Nigeria is the eighth largest exporter of crude in the world.

For every barrel of oil sold, $59 goes to the national budget, the rest goes into an account in the Central Bank.

Record oil prices mean that stock of cash now stands at $12bn.

For all this money in the bank, ordinary Nigerians still suffer in poverty. Hospitals are inadequate, schools are ramshackle.

Cities cannot keep up with their population growth, and many people live in slums without electricity, water or sanitation.

But one thing Nigerians do have is cheap fuel, almost all of it imported. In Nigeria a gallon (3.79 litres) of petrol costs $2.37, cheaper than in the US.

Many Nigerians think the massive subsidies the government pays importers is the only thing the government actually does for them.

Without reliable electricity, most of Nigeria’s 140m people rely on generators for their livelihoods.

Any increase in price, even by just a few cents, is painful.

The pipelines that cross the country taking fuel to depots are often sabotaged.

When one is broken open, instead of running away, many people of Nigeria’s slums grab whatever vessel they can and run towards the spill.

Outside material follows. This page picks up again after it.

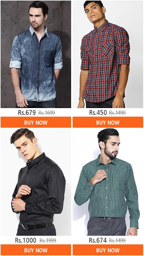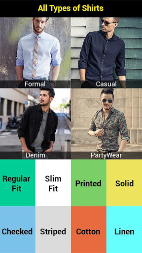 The app brings a line of stylish men shirt designs for occasions ranging from casual, formal & semi-formal to parties. The collection includes branded shirt photos in number of patterns, colors, cuts, fits, collars, styles and fabrics.

Drivers in Silicon Valley are suffering from sticker shock at the petrol pump as petrol prices hit record highs.

The cost of filling up in the Bay area has always been among the highest in the nation, but now with a gallon of petrol costing around $4.19, people are rethinking the way they get around.

Tina Patterson is a preschool teacher who runs her own business out of her home. She says that while she does not need to drive as much as she used to, she is looking at alternatives.

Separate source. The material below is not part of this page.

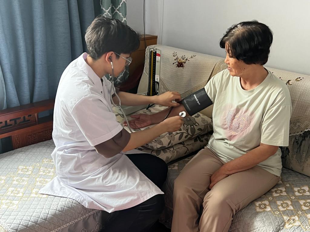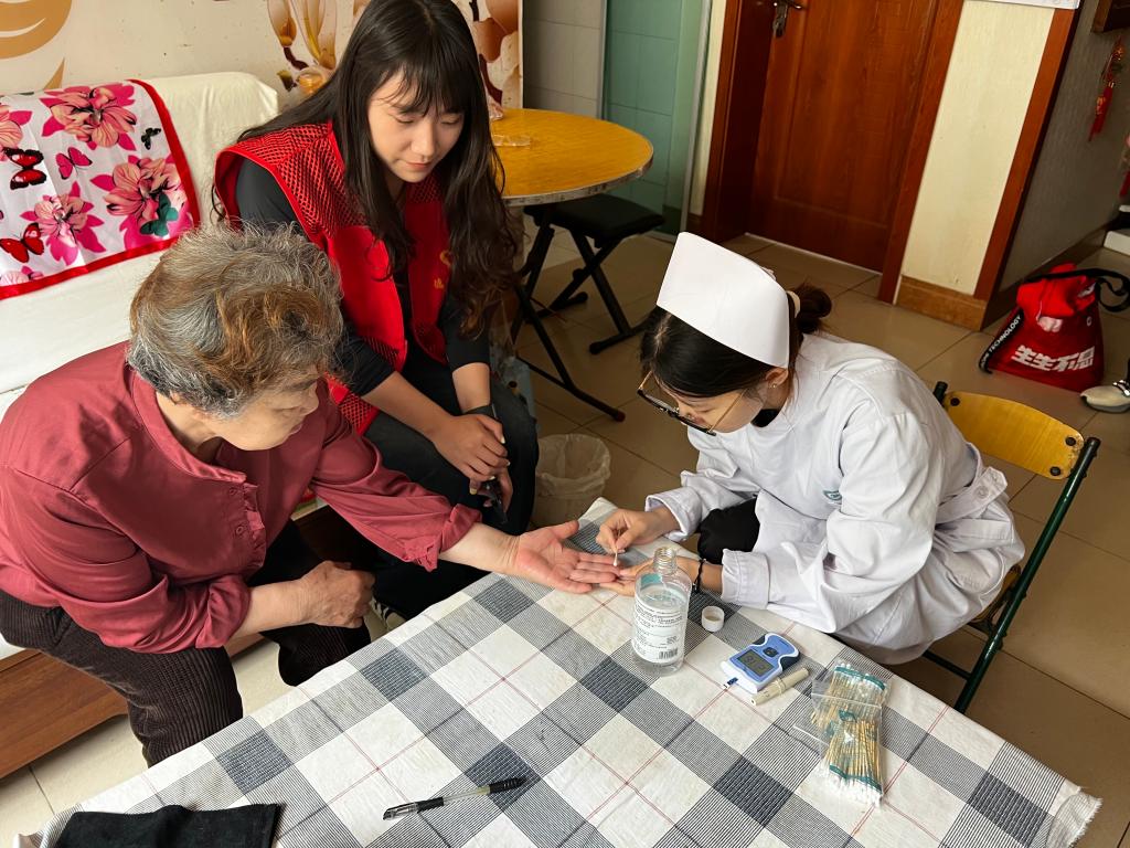 活动伊始,志愿者先从智能手机输入法选择、字体设置、音量调节等常识内容展开,带领老年人熟悉智能手机的基本功能。随后详细介绍手机上的便民功能,如医院挂号,帮助老人学会在手机上预约挂号;公交出行,帮助老人提前在线了解实时公交运行和附近车辆情况,缩短候车时间;还有线上缴费、视频通话、交通购票及网络购物等功能,通过“面对面,手把手”的互动式教学模式,有针对性地对老年人进行了智能手机操作指导。活动最后,由社区工作人员带领志愿者来到独居老人家中,充分利用专业优势为他们提供测血糖、量血压义诊服务,叮嘱居民做好夏天防暑、用药安全,帮助老年人了解自身健康状况,为他们的健康保驾护航。

“Today I put six gallons of gas in my car and it cost over $40. I can’t afford that and I am seriously looking at getting a hybrid car.”

Rafael Solis runs his own landscaping business and says that the cost of filling up totals around $800 a month, compared to about $500 a month a year ago.

“It’s crazy the price of gas. But the prices are crazy for everyone.”

He says the constantly rising costs are affecting his business and his ability to get by.

“I can’t put up my prices because in this present economy everyone is trying to make savings. Yet I can’t afford to carry on as things are.”

This time of year is regarded as the start of the driving season for many Americans. Mr Solis says he will not be taking any trips.

He cannot afford holidays anyway and he certainly cannot afford to take to the highways and byways of the Bay Area for pleasure.


Chinese drivers have been largely protected from rising world oil prices because of government price caps.

The government sets upper limits on the prices consumers pay for oil products, as it does for other energy sources.

Drivers interviewed by the BBC did not seem too concerned by rising world oil prices.

In return for price caps, the government directly compensates oil firms for selling their products at below the market price by paying them subsidies.

But this policy has come under increasing scrutiny ever since oil prices started reaching record levels.

World crude prices are now well above domestic retail prices in China, meaning the government is paying out more in subsidies.

The government has increased prices to consumers in the past – last year it upped retail prices by 10% in response to higher crude costs.

And there is speculation that it will relax price controls later this summer and let fuel prices rise.

But doing that could cause other problems, such as increasing the rate of inflation, which is already higher than the government wants.

And, as Chinese Premier Wen Jiabao said earlier this year, fighting inflation is one of the government’s key tasks for this year.


People in Belgium have felt the impact of rising oil prices via a rise in the price of the country’s favourite food, the chip. A bag of fried potato pommes frites in Brussels now costs about two euros ($3), up 4% in the past year.

That is despite a 24% drop in the cost of potatoes. The government has launched an investigation but the chip-makers blame their price increase on more expensive petrol for transport and fuel for their factories.

It is a similar story across the eurozone region, where food price inflation reached 6% in April. The overall inflation rate stood at 3.3%.

The European Central Bank, which sets interest rates for all 15 countries which use the euro, admits it cannot bring inflation down to its 2% target rate in the short term.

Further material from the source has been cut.